◆ WHAT IS REQUIRED
Return every entry in full, with no alterations.

Data excerpts
⁂

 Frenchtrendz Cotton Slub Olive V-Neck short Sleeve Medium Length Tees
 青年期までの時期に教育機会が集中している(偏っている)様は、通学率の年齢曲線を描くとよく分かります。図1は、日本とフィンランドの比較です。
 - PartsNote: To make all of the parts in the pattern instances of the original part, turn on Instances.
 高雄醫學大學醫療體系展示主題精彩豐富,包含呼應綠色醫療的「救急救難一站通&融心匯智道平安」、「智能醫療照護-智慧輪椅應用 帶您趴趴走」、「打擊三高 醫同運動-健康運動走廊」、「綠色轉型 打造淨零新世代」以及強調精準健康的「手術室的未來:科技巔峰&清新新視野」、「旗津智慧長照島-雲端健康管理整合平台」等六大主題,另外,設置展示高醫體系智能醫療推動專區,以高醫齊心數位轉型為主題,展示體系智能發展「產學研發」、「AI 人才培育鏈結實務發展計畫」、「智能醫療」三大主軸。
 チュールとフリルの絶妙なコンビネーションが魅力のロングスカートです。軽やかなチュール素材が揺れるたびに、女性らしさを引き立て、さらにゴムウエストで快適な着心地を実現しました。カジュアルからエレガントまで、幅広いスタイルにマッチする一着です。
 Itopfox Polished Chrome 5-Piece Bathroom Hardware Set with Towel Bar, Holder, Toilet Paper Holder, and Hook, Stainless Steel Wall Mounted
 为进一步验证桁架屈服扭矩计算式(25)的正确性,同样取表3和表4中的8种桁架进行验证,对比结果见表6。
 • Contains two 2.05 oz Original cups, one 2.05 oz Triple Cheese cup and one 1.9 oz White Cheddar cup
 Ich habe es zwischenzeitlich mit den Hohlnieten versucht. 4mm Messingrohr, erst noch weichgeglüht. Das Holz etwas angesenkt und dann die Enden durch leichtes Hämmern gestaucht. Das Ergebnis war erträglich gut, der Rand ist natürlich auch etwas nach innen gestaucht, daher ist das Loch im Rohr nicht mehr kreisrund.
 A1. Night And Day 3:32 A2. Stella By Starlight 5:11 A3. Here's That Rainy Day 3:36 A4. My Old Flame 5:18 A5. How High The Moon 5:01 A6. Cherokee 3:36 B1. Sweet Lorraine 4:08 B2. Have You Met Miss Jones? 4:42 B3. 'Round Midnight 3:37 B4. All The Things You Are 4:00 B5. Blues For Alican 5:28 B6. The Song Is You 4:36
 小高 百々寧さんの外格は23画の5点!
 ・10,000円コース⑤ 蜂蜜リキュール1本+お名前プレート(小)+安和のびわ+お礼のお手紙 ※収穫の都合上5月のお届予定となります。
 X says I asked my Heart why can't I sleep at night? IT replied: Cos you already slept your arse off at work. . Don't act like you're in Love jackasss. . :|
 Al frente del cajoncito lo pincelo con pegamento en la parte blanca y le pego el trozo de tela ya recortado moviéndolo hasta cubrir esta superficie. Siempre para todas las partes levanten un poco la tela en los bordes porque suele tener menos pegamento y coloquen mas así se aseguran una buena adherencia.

⁂

◆ WRITTEN RESPONSE
 Frenchtrendz Cotton Slub Olive V-Neck short Sleeve Medium Length Tees
 青年期までの時期に教育機会が集中している(偏っている)様は、通学率の年齢曲線を描くとよく分かります。図1は、日本とフィンランドの比較です。
 - PartsNote: To make all of the parts in the pattern instances of the original part, turn on Instances.
 高雄醫學大學醫療體系展示主題精彩豐富,包含呼應綠色醫療的「救急救難一站通&融心匯智道平安」、「智能醫療照護-智慧輪椅應用 帶您趴趴走」、「打擊三高 醫同運動-健康運動走廊」、「綠色轉型 打造淨零新世代」以及強調精準健康的「手術室的未來:科技巔峰&清新新視野」、「旗津智慧長照島-雲端健康管理整合平台」等六大主題,另外,設置展示高醫體系智能醫療推動專區,以高醫齊心數位轉型為主題,展示體系智能發展「產學研發」、「AI 人才培育鏈結實務發展計畫」、「智能醫療」三大主軸。
 チュールとフリルの絶妙なコンビネーションが魅力のロングスカートです。軽やかなチュール素材が揺れるたびに、女性らしさを引き立て、さらにゴムウエストで快適な着心地を実現しました。カジュアルからエレガントまで、幅広いスタイルにマッチする一着です。
 Itopfox Polished Chrome 5-Piece Bathroom Hardware Set with Towel Bar, Holder, Toilet Paper Holder, and Hook, Stainless Steel Wall Mounted
 为进一步验证桁架屈服扭矩计算式(25)的正确性,同样取表3和表4中的8种桁架进行验证,对比结果见表6。
 • Contains two 2.05 oz Original cups, one 2.05 oz Triple Cheese cup and one 1.9 oz White Cheddar cup
 Ich habe es zwischenzeitlich mit den Hohlnieten versucht. 4mm Messingrohr, erst noch weichgeglüht. Das Holz etwas angesenkt und dann die Enden durch leichtes Hämmern gestaucht. Das Ergebnis war erträglich gut, der Rand ist natürlich auch etwas nach innen gestaucht, daher ist das Loch im Rohr nicht mehr kreisrund.
 A1. Night And Day 3:32 A2. Stella By Starlight 5:11 A3. Here's That Rainy Day 3:36 A4. My Old Flame 5:18 A5. How High The Moon 5:01 A6. Cherokee 3:36 B1. Sweet Lorraine 4:08 B2. Have You Met Miss Jones? 4:42 B3. 'Round Midnight 3:37 B4. All The Things You Are 4:00 B5. Blues For Alican 5:28 B6. The Song Is You 4:36
 小高 百々寧さんの外格は23画の5点!
 ・10,000円コース⑤ 蜂蜜リキュール1本+お名前プレート(小)+安和のびわ+お礼のお手紙 ※収穫の都合上5月のお届予定となります。
 X says I asked my Heart why can't I sleep at night? IT replied: Cos you already slept your arse off at work. . Don't act like you're in Love jackasss. . :|
 Al frente del cajoncito lo pincelo con pegamento en la parte blanca y le pego el trozo de tela ya recortado moviéndolo hasta cubrir esta superficie. Siempre para todas las partes levanten un poco la tela en los bordes porque suele tener menos pegamento y coloquen mas así se aseguran una buena adherencia.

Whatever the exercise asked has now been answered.